The police was determined to catch the man alive, and was very upset to find him dead on the floor when they entered his flat. They reported it as suicide. But it could not possibly have been the case since the bullet that killed him was of a calibre that did not match any of his weapons. Someone had shot him dead, and it was not the police, nor the man himself. And ever since, a string of similar episodes kept popping up. Outrageous criminal behaviour such as the episode in Paris kept being met with fairly prompt executions, which in turn were covered up by the police, reported as suicides, or pretended to have been planned and executed by the authorities themselves.

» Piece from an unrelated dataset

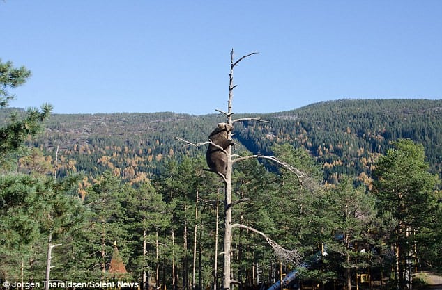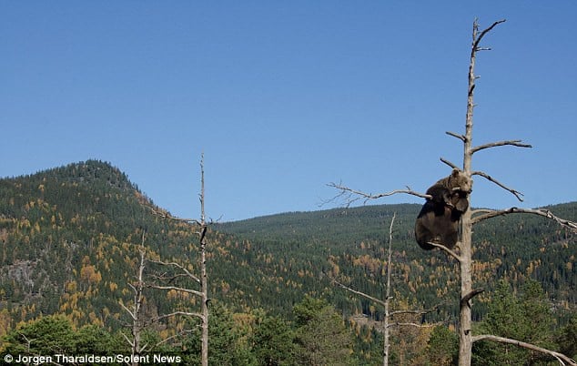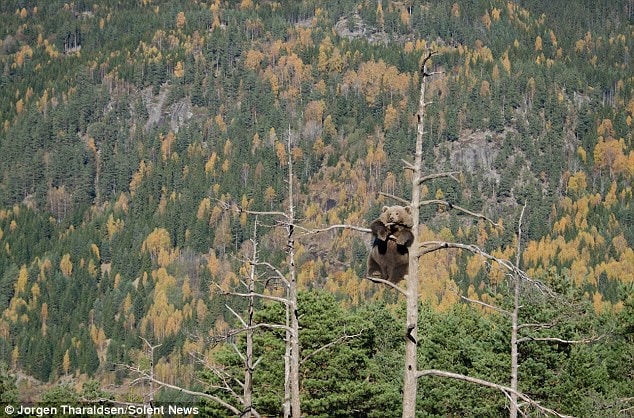 Jorgen Tharaldsen, a 41-year-old game designer from Oslo, Norway, was fortunate enough to witness this extraordinary sight as the bear claimed her lofty perch.

But to think that a company existed out there with assassinations of this kind as its business model seemed a far stretch of the imagination. Killing people could hardly be a regular business. However, if Rogue Justice was more like an alias for something else, it could make some sense. Its mention in the article was in a way a message to people that assassinations are fully supported by powerful individuals in Lundby, provided the right conditions are met. It was in a way a green flag to anyone contemplating such an action, and a giant red flag to anyone considering a terrorist attack on the village. The way the company was mentioned was in many ways a clear message to people to feel free to create such a service if they feel it warranted. Neither Pedro nor Jan would object to it, provided the targeted person was plainly and clearly a dangerous criminal.

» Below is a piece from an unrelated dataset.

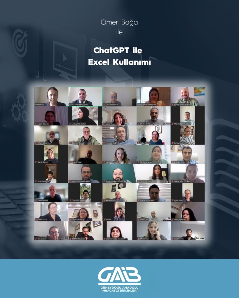 Güneydoğu Anadolu İhracatçı Birlikleri (GAİB) iş birliğiyle düzenlediğimiz “Yapay Zekâ ile İleri Excel Eğitimi”, büyük bir ilgiyle başarıyla tamamlandı. Tek günlük, yoğunlaştırılmış bu eğitim, 3 saatlik programıyla 400’den fazla katılımcıya ulaştı.

And it was while he was lost in speculations like these that Ante suddenly came into the room, all smiles and happy, calling on Bjorn to give him some attention. Bjorn was at once distracted from his thoughts, and was in stead confronted with Ante holding up a gun belt with a gun in it, swinging it from side to side as he asked Bjorn rhetorically to guess who's belt it was.

"It's Frank's gun, isn't it," Bjorn answered.
"And guess where I found it?" Ante continued with a smile.
"Upstairs at the casino?" Bjorn ventured.
"Exactly, and you won't believe what good old Frank has been up to."
"But you are going to tell me anyway, aren't you?" Bjorn asked.
"I am indeed!" Ante answered, smiling even broader. "He was kicked out this morning for being the biggest prick ever. He behaved as if the whole darn whorehouse was there to serve him, and although this was kind of quite for a while, it was not very welcome as the night drew to an end. So finally, they kicked him out for being a loud pain in the bum... Imagine that! Being kicked out of a brothel for being too eager!"
"But who in their right mind hangs around in a brothel for more than their allotted time?"
"Allotted time? What do you mean?" Ante asked, looking a little puzzled.
"Well, you just said he was too eager. He was hanging around there way beyond his allotted time, or am I missing something?"
"There is no such thing as allotted time in a brothel. As long as you pay, you can hang around as long as you please."
"Well, sorry for not knowing that," Bjorn answered, for once pleased to be the ignorant one. "So he paid for the whole night?"
"He did indeed."
"But isn't that expensive? I mean... Even in Lundby, that kind of services are hardly free."
"It is kind of odd, isn't it?" Ante agreed. "I have no idea where he gets the money from... and that gold card he keeps waving about..."
"He's corrupted, isn't he?" Bjorn ventured.
"By Jan and Pedro and those guys you mean?"
"Yeah."

Ante looked at the gun, and then back to Bjorn.

"You're right," Ante conceded with a concerned look on his face. "Somebody is paying him for something."
"Maybe we shouldn't talk too much about this in other words," Bjorn suggested. "Or do you think we should report this?"
"Oh no!" Ante said, suddenly fearful. "Let's just keep this under wraps."